Thank you for submitting this article 

Minor Revision needed

Abbreviations like HRD,  DRILL  , although mentioned and explained later in the test , they need to be clarified earlier in the abstract.

Line 12  : inner layers cysts need more clarification ( Inner Nuclear Layer INL , Inner plexiform Layers IPL or Ganglion Cell Layer GCC )

Line 13 : bridging tissue , needed earlier explanation , Muller cell fibers , Muller cell Pillars

Line 98:  DRIL definition needs revision Disorganization of Retinal Inner Layers , NOT Disruption  and this applies to the whole text . The original definition of DRIL also included disorganization of Retinal inner layers in central 1000 microns . The need revision in the test and also in the methodology

Line 137 : difference in the age …. Needs more clarification which group older or younger age

Line 138 : need adding units (years ) and explanation ( mean , range )

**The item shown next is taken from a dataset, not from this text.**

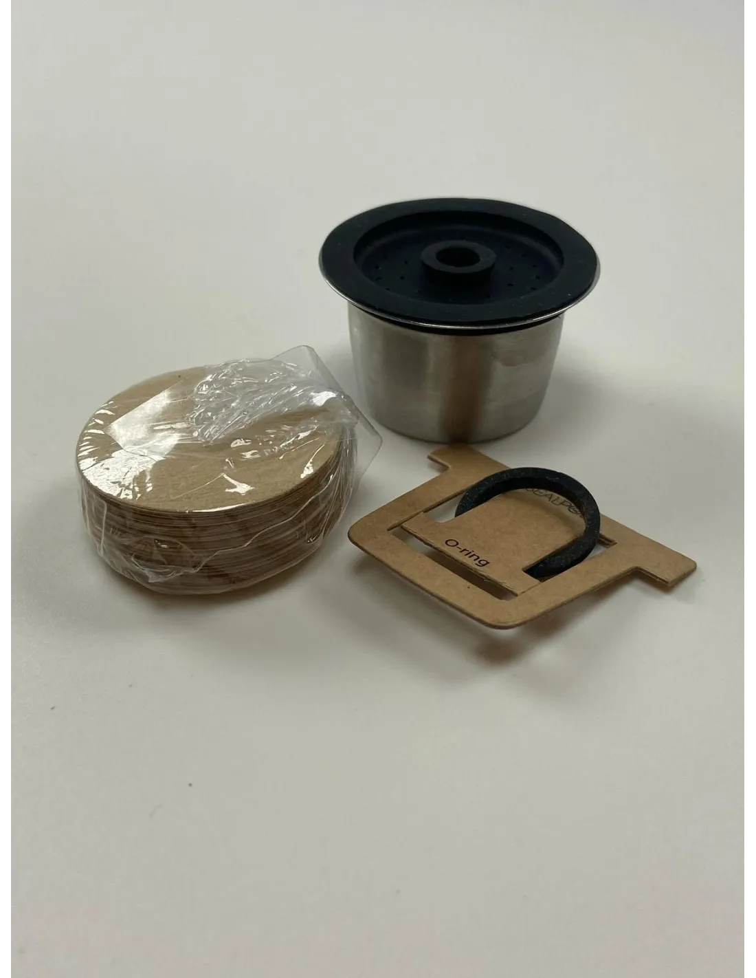 Vsako pakiranje vsebuje: 1x kapsula Sealpod iz nerjavečega jekla, 100x papirnati filter

Line 140 / 148 : results need more clarification of the different groups

Table 2  : DRIL  Disorganization NOR disruption of Retinal Inner layers

Line 198 : VMA by definition NOT causing any traction . If there is antero posterior or tangential traction , it is then Vitreo macular Traction ( VMT) and not VMA. Inclusion criteria mentioned VMA and not VMT .

Line 202 : Sun et al missing year , this applied to all other references

Line 204 : Fovea involving DME  , the correct term Center – involving DME

In discussion  more explanation needed to explain how VMA WITHOUT VMT can affect vision

[Note: HTML markup is below. Please do not edit.]

Reviewers' comments:

Reviewer's Responses to Questions

Comments to the Author

1. Is the manuscript technically sound, and do the data support the conclusions?

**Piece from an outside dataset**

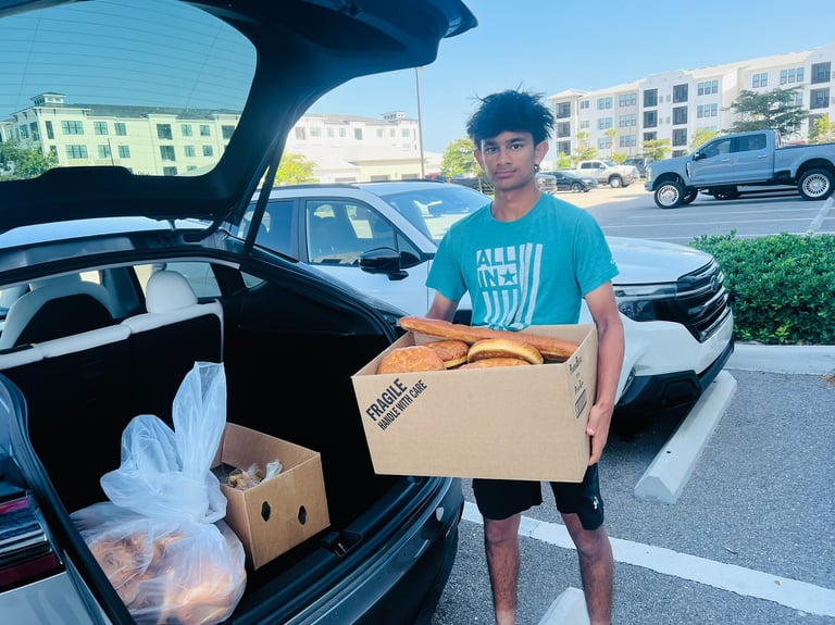 We began partnering with local restaurants and cafés to rescue surplus food that would otherwise be discarded. Instead of ending up in the trash, those meals are delivered to food banks across Manatee County. What started as a small initiative quickly became a consistent system, coordinating pickups, organizing volunteers, and making sure recovered food reached the people who needed it most.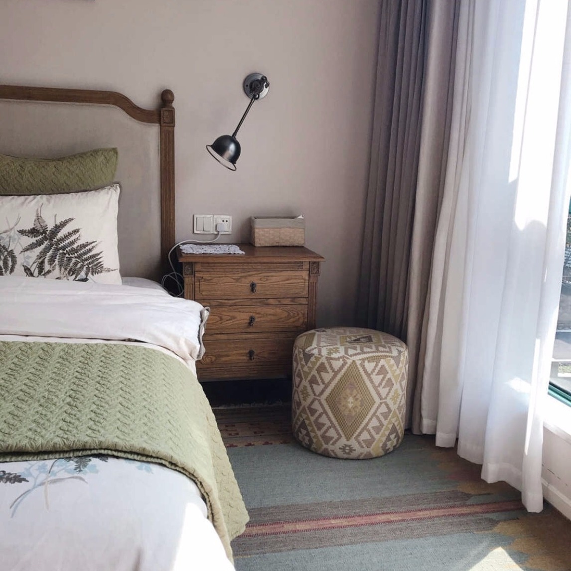 进入居室第一眼看到这款美式长荣床,营造出极简时尚气息。旁边再搭一款实木床头柜,让居室看上去更加有立体感。下面再摆放一款创意布艺圆墩凳,简约时尚的造型设计,展现出清新时尚的北欧气息。再搭配一款白纱窗帘,...展开

The manuscript must describe a technically sound piece of scientific research with data that supports the conclusions. Experiments must have been conducted rigorously, with appropriate controls, replication, and sample sizes. The conclusions must be drawn appropriately based on the data presented.

Reviewer #1: Yes

********** 

2. Has the statistical analysis been performed appropriately and rigorously?

Reviewer #1: I Don't Know

********** 

3. Have the authors made all data underlying the findings in their manuscript fully available?

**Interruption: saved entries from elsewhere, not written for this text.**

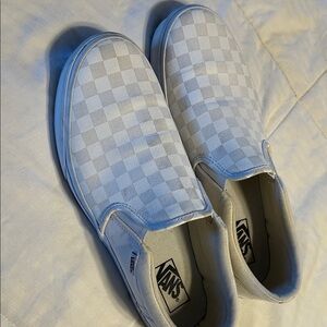 Classic Vans slip-ons with a subtle gray checkered design. Comfortable and stylish for everyday wear.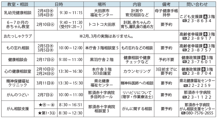健康 保健に関する教室・相談 37/43 前の記事 次の記事 発行日 : 2026年02月01日 自治体名 : 栃木県大田原市 広報紙名 : 広報おおたわら 令和8年2月号(No.1343) ★…祝日・年末年始を除く。 Tweet シェアする 子育て支援情報 市民健康診査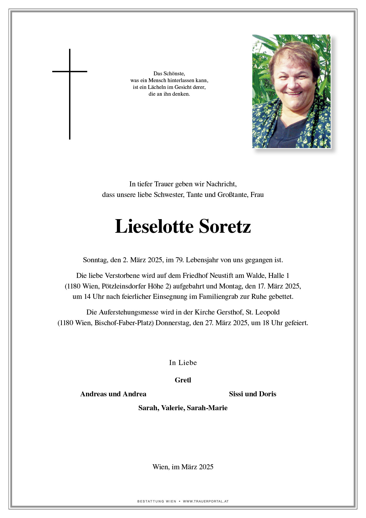 Bestattung wurde durchgeführt von: Bestattung Wien Bestattung Wien GmbH Simmeringer Hauptstraße 339 1110 - Wien (Simmering) Tel.: 01 501950 zum Bestatter

The PLOS Data policy requires authors to make all data underlying the findings described in their manuscript fully available without restriction, with rare exception (please refer to the Data Availability Statement in the manuscript PDF file). The data should be provided as part of the manuscript or its supporting information, or deposited to a public repository. For example, in addition to summary statistics, the data points behind means, medians and variance measures should be available. If there are restrictions on publicly sharing data—e.g. participant privacy or use of data from a third party—those must be specified.

Reviewer #1: Yes

********** 

4. Is the manuscript presented in an intelligible fashion and written in standard English?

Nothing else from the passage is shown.